While the early Cambrian showed such diversification that it has been named the Cambrian Explosion, this changed later in the period, when there occurred a sharp drop in biodiversity. About 515 million years ago, the number of species going extinct exceeded the number of new species appearing. Five million years later, the number of genera had dropped from an earlier peak of about 600 to just 450. Also, the speciation rate in many groups was reduced to between a fifth and a third of previous levels. 500 million years ago, oxygen levels fell dramatically in the oceans, leading to hypoxia, while the level of poisonous hydrogen sulfide simultaneously increased, causing another extinction. The later half of Cambrian was surprisingly barren and show evidence of several rapid extinction events; the stromatolites which had been replaced by reef building sponges known as Archaeocyatha, returned once more as the archaeocyathids became extinct. This declining trend did not change until the Great Ordovician Biodiversification Event.
Some Cambrian organisms ventured onto land, producing the trace fossils Protichnites and Climactichnites. Fossil evidence suggests that euthycarcinoids, an extinct group of arthropods, produced at least some of the Protichnites. Fossils of the track-maker of Climactichnites have not been found; however, fossil trackways and resting traces suggest a large, slug-like mollusk.

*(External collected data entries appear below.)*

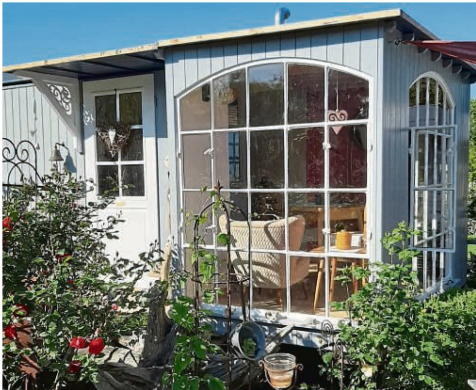
Viele Menschen nutzen für die kleine Flucht aus dem Alltag ihre Schrebergartenlaube. Mit einer guten Ausstattung wird es erst richtig gemütlich.
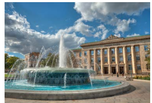
Paris? Wien? Nein, das ist Rousse

Die Festung Kalemegdan liegt hoch über der Stadt und ist das Wahrzeichen Belgrads. Genießen Sie von der Festung aus einen herrlichen Panoramablick auf den Zusammenfluss von Save und Donau, sowie auf Neu-Belgrad. In den Gassen der Altstadt pulsiert das Leben. Jugendstil- und Gründerzeithäuser bilden die Kulisse für schicke Cafés, Restaurants und Boutiquen. Den Abend können Sie beschwingt und farbenfroh ausklingen lassen: Eine der besten serbischen Folkloregruppen bietet Ihnen mit Herz und Freude eine Folkloreaufführung der Extraklasse. Freuen Sie sich auf serbischen Wein, Musik und Tänze. Den Abschluss dieses schwungvollen Abends bildet eine kurze Lichterfahrt durch das abendliche Belgrad.
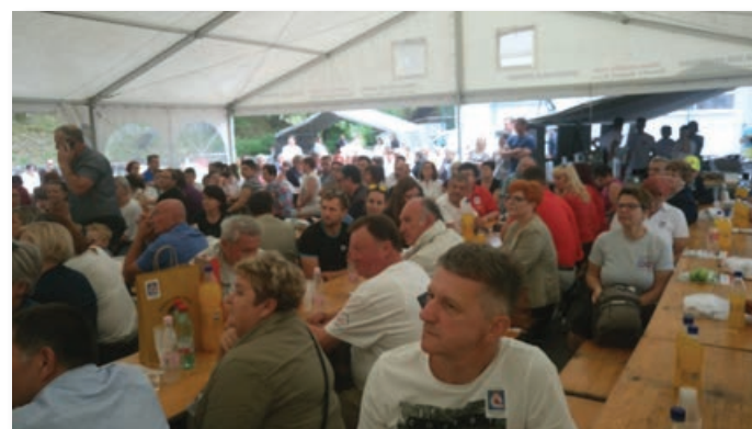
Šotor na dvorišču OŠ Gornji Petrovci je bil poln do zadnjega; brigadirji so prišli iz vse Slovenije.

kaj zgodi, ki bi ponovno dale mladim priložnost za delo in sanje.
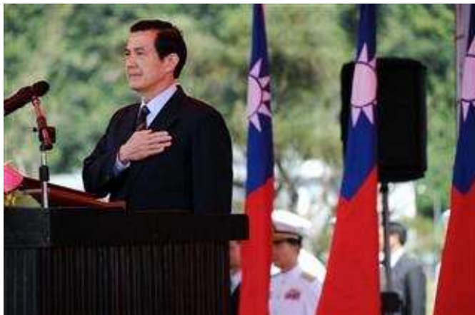
Il Presidente Ma Ying-jeou alle manifestazioni per i 100 anni della Repubblica di Cina

ad abbandonare le posizioni più intransigenti che troppo a lungo avevano alimentato venti di guerra. Taiwan si prepara alle grandi manifestazioni del centenario alle quali prenderanno parte rappresentanti di ogni parte del mondo, a testimonianza dell'apprezzamento per il percorso compiuto dalla libera e democratica Taiwan e per il nuovo e positivo clima che ormai prevale fra le due sponde dello Stretto.
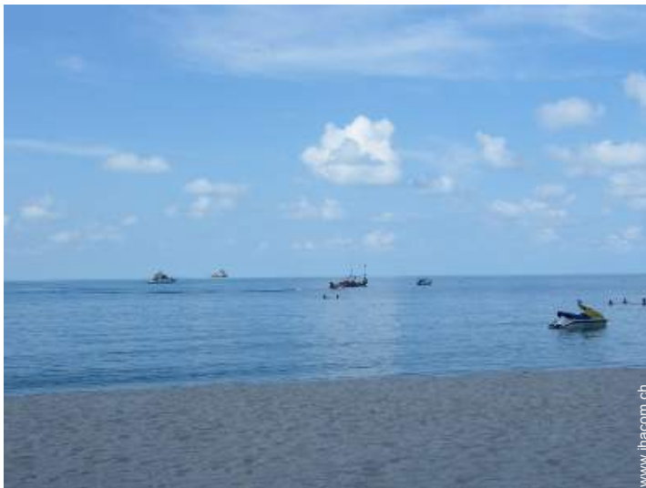
In der Nähe
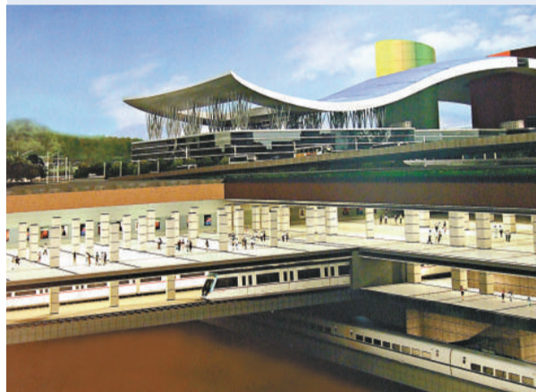
▼福田火車站剖面圖

十點五億元，將於二〇一一年六月建成。另外，在周邊也配套了許多地面公交、的士站及社會車輛停車場，方便乘客使用。
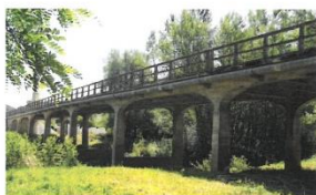
Pont de Dompierre
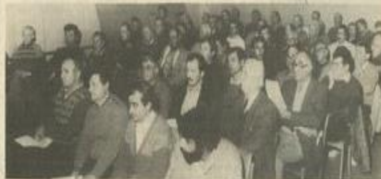
• Le public à l'écoute
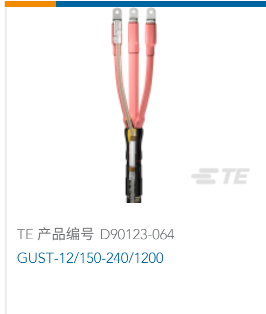
TE 产品编号 D90123-064 GUST-12/150-240/1200
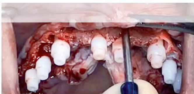
С помощью мягких поглаживающих движений в течение 2-3 минут надкостница растягивается
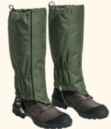
1102 PINWOOD® ACTIVE GAITERS MOSS GREEN (135)
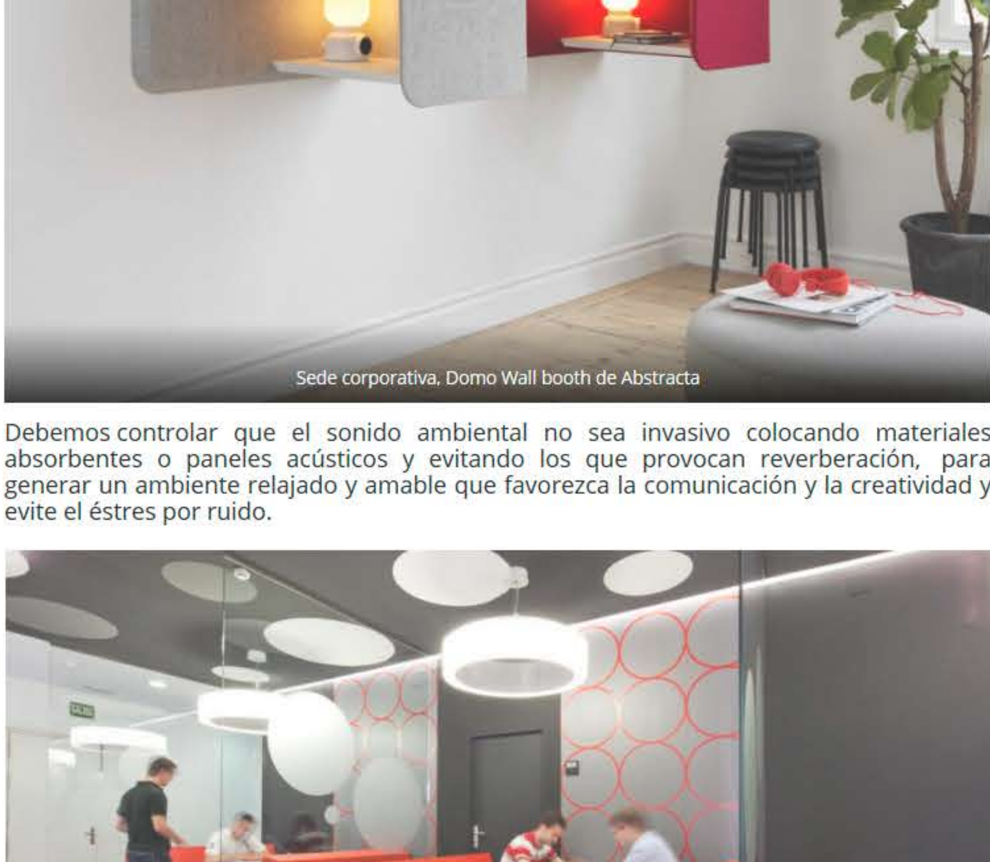
Sede corporativa. Domo Wall booth de Abstracta

Así, hemos podido ver como en los "Open Space" hay siempre lugares adaptados para reuniones , para videoconferencias o simplemente para aislarse del ruido de alrededor.
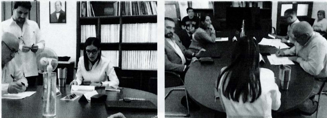
Imagen 10. Vigésima Primera Sesión Ordinaria

La presente página 22 de 29 corresponde al segundo informe anual pormenorizado de las actividades realizadas por la Comisión Edilicia de Transparencia, Rendición de Cuentas y Combate a la Corrupción
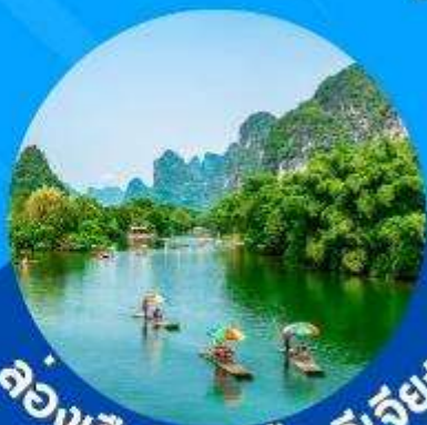
ล่องเรือในแม่น้ำหลี่เจียง
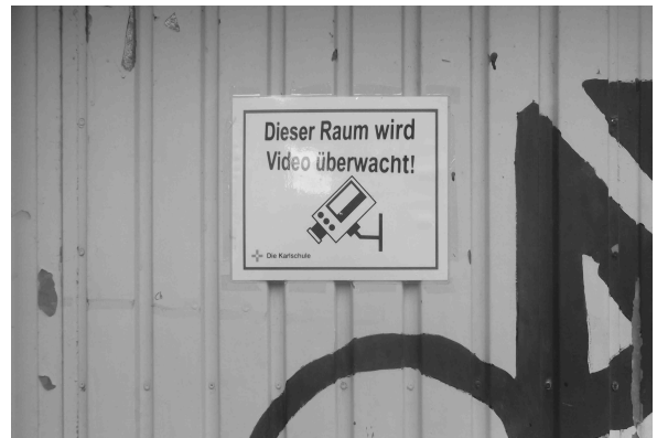
Das für "Täter" abschreckende Warnschild

-Sobald der Täter gefasst wird, wird er für die Schäden aufkommen müssen

In contrast to later periods, the Cambrian fauna was somewhat restricted; free-floating organisms were rare, with the majority living on or close to the sea floor; and mineralizing animals were rarer than in future periods, in part due to the unfavourable ocean chemistry.
Many modes of preservation are unique to the Cambrian, and some preserve soft body parts, resulting in an abundance of Lagerstätten.